From the data underneath, reproduce exactly the stretch that begins at the line with "ICW Women French" and ends after the line with "艺心相伴 志愿有你 || 李可染艺术馆2026年度文艺志愿者招募公告".
BEGIN Data provided
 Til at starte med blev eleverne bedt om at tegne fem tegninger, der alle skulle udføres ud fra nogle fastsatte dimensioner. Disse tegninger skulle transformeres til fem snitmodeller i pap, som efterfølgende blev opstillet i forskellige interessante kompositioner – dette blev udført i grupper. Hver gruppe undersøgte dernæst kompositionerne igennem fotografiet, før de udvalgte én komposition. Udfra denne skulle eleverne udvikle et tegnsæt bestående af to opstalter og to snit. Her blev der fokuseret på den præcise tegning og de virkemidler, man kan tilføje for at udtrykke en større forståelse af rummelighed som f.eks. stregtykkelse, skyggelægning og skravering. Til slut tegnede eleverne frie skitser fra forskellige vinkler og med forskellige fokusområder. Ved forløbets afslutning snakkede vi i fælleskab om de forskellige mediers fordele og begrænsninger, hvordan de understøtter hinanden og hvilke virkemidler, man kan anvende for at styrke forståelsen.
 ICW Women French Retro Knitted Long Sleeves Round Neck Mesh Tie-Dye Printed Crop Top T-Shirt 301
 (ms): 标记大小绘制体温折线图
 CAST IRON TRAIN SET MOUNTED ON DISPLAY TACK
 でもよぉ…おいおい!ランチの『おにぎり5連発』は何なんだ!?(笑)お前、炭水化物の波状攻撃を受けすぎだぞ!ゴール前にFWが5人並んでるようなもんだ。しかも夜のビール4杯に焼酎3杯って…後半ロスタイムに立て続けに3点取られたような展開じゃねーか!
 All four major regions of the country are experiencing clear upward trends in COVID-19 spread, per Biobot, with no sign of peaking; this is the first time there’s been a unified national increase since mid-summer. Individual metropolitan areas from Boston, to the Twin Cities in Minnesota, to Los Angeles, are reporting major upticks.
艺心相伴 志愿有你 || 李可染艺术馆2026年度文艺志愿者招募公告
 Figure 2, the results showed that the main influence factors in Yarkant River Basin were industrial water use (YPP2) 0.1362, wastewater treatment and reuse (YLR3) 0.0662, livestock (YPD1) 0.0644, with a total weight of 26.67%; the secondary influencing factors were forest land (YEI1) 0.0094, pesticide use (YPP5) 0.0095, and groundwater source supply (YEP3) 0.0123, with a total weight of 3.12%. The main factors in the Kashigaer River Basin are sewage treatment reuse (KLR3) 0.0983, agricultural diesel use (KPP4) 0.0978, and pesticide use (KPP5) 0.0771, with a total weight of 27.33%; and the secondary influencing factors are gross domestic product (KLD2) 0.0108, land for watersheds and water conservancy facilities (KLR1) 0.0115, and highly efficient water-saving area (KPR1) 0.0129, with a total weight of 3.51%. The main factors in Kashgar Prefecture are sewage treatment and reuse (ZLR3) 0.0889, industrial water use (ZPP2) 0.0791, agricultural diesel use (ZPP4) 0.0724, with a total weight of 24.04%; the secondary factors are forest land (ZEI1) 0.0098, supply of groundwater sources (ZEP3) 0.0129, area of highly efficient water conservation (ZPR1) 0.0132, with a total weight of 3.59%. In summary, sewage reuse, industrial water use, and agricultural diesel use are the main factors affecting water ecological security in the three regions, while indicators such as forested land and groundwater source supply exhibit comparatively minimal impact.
END Data provided
Written reply »
 ICW Women French Retro Knitted Long Sleeves Round Neck Mesh Tie-Dye Printed Crop Top T-Shirt 301
 (ms): 标记大小绘制体温折线图
 CAST IRON TRAIN SET MOUNTED ON DISPLAY TACK
 でもよぉ…おいおい!ランチの『おにぎり5連発』は何なんだ!?(笑)お前、炭水化物の波状攻撃を受けすぎだぞ!ゴール前にFWが5人並んでるようなもんだ。しかも夜のビール4杯に焼酎3杯って…後半ロスタイムに立て続けに3点取られたような展開じゃねーか!
 All four major regions of the country are experiencing clear upward trends in COVID-19 spread, per Biobot, with no sign of peaking; this is the first time there’s been a unified national increase since mid-summer. Individual metropolitan areas from Boston, to the Twin Cities in Minnesota, to Los Angeles, are reporting major upticks.
艺心相伴 志愿有你 || 李可染艺术馆2026年度文艺志愿者招募公告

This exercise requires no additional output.